La seconde section retrace aussi le parcours de la
fondatrice, sainte Marie-Euphrasie Pelletier (1796-1868), canonisée en
1940. Une religieuse en avance sur son temps : elle avait osé recueillir
des détenues mineures ou encore aider une femme tombée enceinte d'un
homme déjà marié.
L'objectif de la communauté était l'instruction
et l'apprentissage pour donner aux femmes leur autonomie. Salles de
classe, leçons de sport, cours de dactylographie... les photographies
prises dès les années 1850 pour diffuser les œuvres retracent cette
histoire.
Dans l'ancien dortoir est présentée la vie quotidienne
des sœurs au fil des siècles.
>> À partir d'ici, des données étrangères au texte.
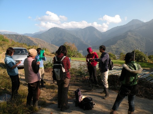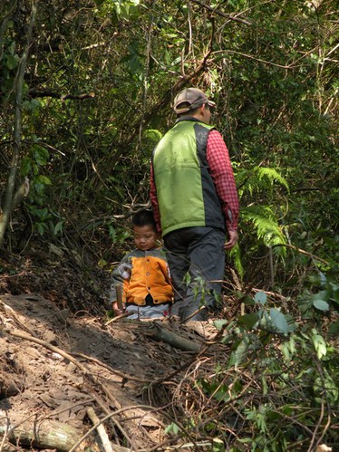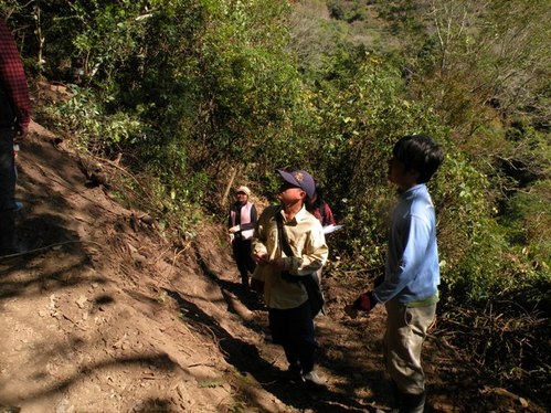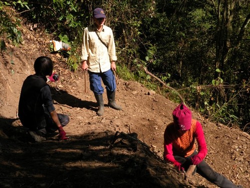 每個月解說員們的訓練項目裡有一天是要到春陽分場協助例管(場地整理),及進行解說訓練,通常是半天例管,半天解說訓練,解說訓練的部分由解說員輪流選定分場裡的解說展區進行分享。例管區域則由春陽分場工作同仁芳瑜及主任林大哥帶領分配。091222這天,解說員們抵達春陽分場後,便至學生宿舍後方的新闢步道協助剪除枝葉,整平路面等工作。休假的林主任帶著小兒子也一起來幫忙,讓工作現場的氣氛多了幾分活潑與俏皮。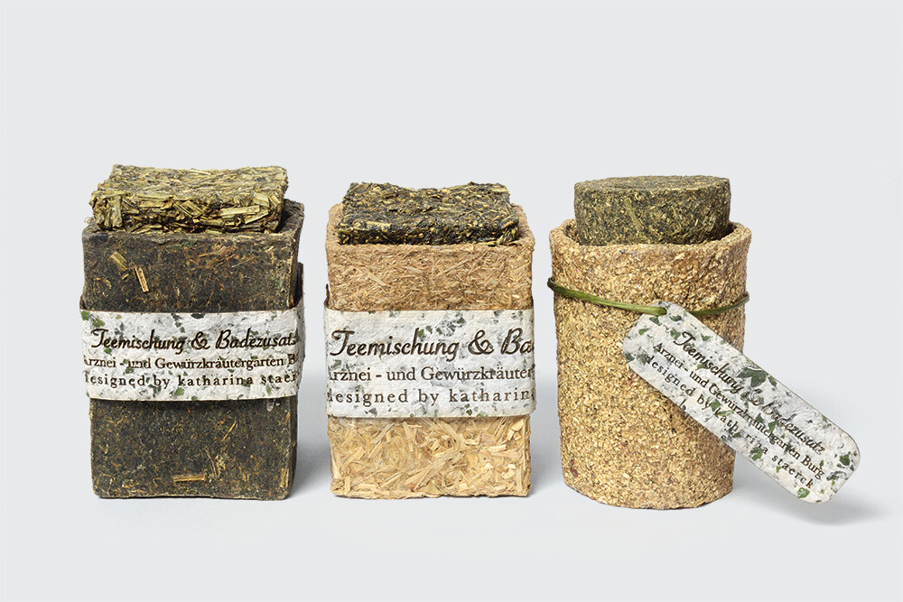 Das Projekt konzentrierte sich schließlich auf die Entwicklung einer ökologischen Alternative zu den bisherigen Teeverpackungen. Sie sollte unmittelbar auf den Rohstoffen des Gartens bzw. der Natur basieren, mit dem Inhalt harmonieren, nach Gebrauch sinnvoll und umweltverträglich weiterverwendet werden können und am Ende auch keinen Müll erzeugen. Den Schlüssel hierzu bot der Biokomposit-Workshop mit der De- signerin Mareike Gast, bei dem u.a. deutlich wurde, welche enormen Stabilitäten mit natürlichen Materialien erzielt werden können. Aus einfachen, leicht erhältlichen und umweltfreundlichen Bestandteilen lassen sich ungewöhnliche und funktionale Objekte herstellen, die nicht nur in vielerlei Hinsicht nützlich sind, sondern auch noch reizvoll aussehen.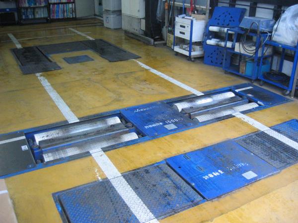 手前からサイドスリップ・スピード/ブレーキテスタ・調整用の埋め込み式リフト・ヘッドライトテスタ・排ガステスタなどが設置!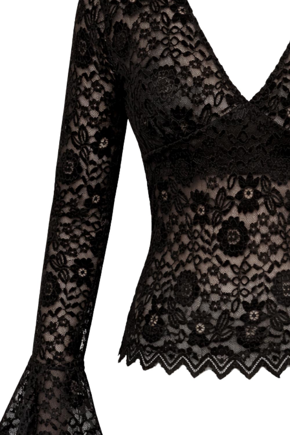 Blusa de encaje, fit recto, manga larga con olanes en puños, escote v con cortes frontales y detalle decorativo en bordes.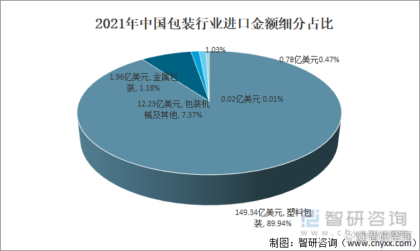 2021年1-12月,中国包装行业完成累计进口额166.04亿美元,同比增长16.15%。其中,塑料包装完成累计进口额149.34亿美元,占总进口金额的89.94%;包装机械及其他完成累计进口额12.23亿美元,占总进口金额的 7.37%;金属包装完成累计进口额1.96亿美元,占总进口金额的1.18%,纸包装完成累计进口额1.71亿美元,占总进口金额的1.03%,玻璃包装完成累计进口额0.78亿美元,占总进口金额的0.47%,竹木包装完成累计进口额0.02亿美,占总进口金额的0.01%。
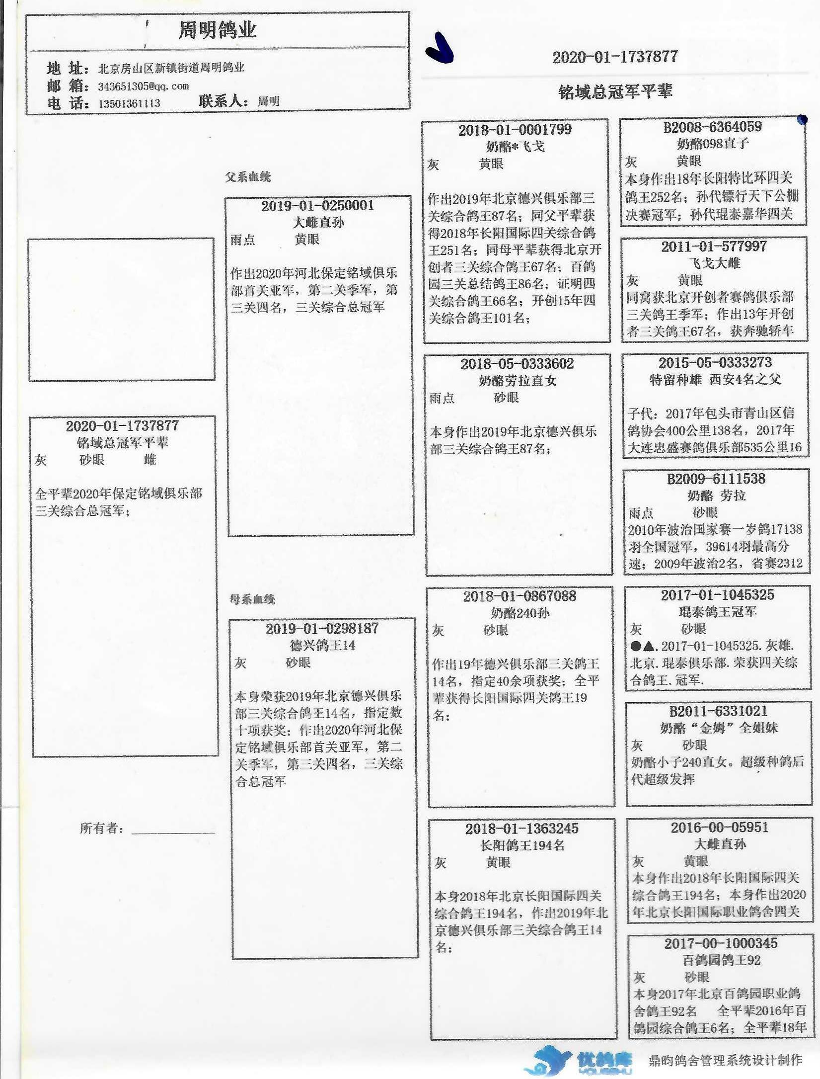 北京周明鴿業(yè) 綜合冠軍平輩-1737877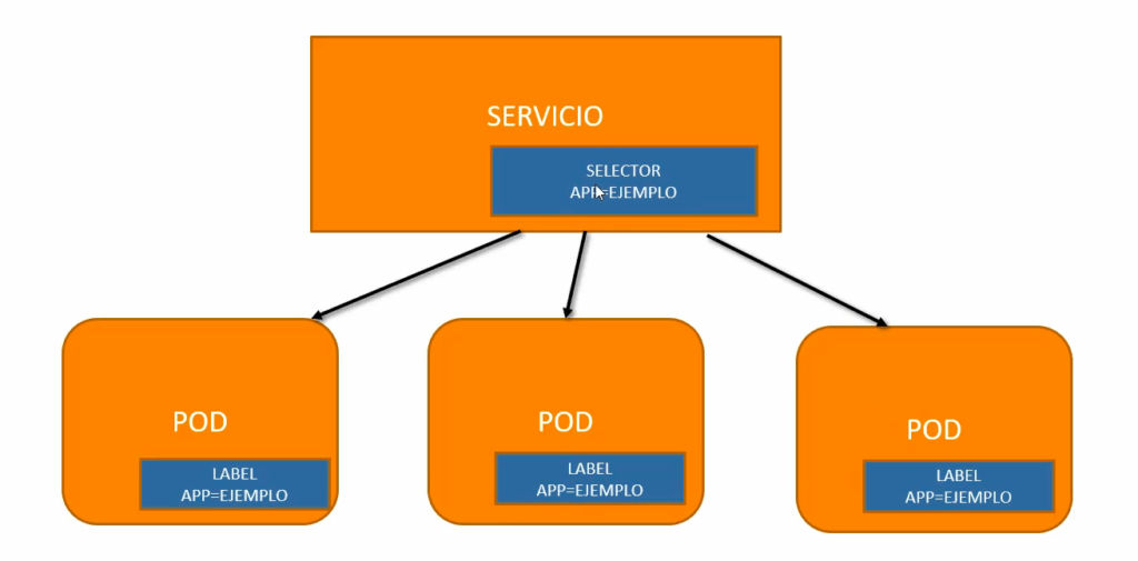 - Entonces el servicio apunta a los pod’s através de un SELECTOR ( es decir una etiqueta)

Au milieu des objets d'époque, des
témoignages audio racontent des vies d'exception.
« Nous voulons apporter une réponse moderne de compassion pour notre temps. »
La troisième section retrace la mission sociale de la congrégation,
depuis les origines jusqu'à leur présence internationale actuelle en
tant qu'ONG.
Aujourd'hui, la congrégation Notre-Dame de Charité du
Bon Pasteur s'étend dans 70 pays sur cinq continents. Le musée est donc
un retour aux sources, pour en retracer l'histoire. Et à partir de là,
communiquer l'action sociale des sœurs : leur travail auprès des plus
démunis, en particulier des femmes en difficulté, est au cœur de leur
mission.
Un peu agacées par le ton élogieux de l'article quant à cette maison d'enfermement pour jeunes filles, nous avons donc décidé de réagir en adressant un courrier à Ouest France dans l'espoir qu'il soit publié. Voici notre réponse :
A l’attention du courrier des lecteurs du Ouest France
Objet :
article sur l’ouverture du Musée du Bon Pasteur
Bonjour,
Dans
votre numéro OF du 13 juillet 2016, vous annoncez l’ouverture du
Musée du Bon Pasteur à Angers.
Nous
avons été très choquées de lire la présentation qui en est
faite.
Le
Bon Pasteur, décrit ici comme une Institution religieuse ayant
recueilli de pauvres femmes en détresse, dirigé par « une
religieuse en avance sur son temps » qui « avait osé
recueillir des détenues mineures ou encore aider une femme tombée
enceinte d'un homme déjà marié. », présentait un revers de
médaille tout autre.
Sous couvert de proposer « l'instruction et
l'apprentissage pour donner aux femmes leur autonomie. » il
s’agissait officieusement de les rendre dociles, obéissantes et en
faire des bonnes mères de famille bien gentilles et bien braves, et
ce par des moyens pas très « catholiques ».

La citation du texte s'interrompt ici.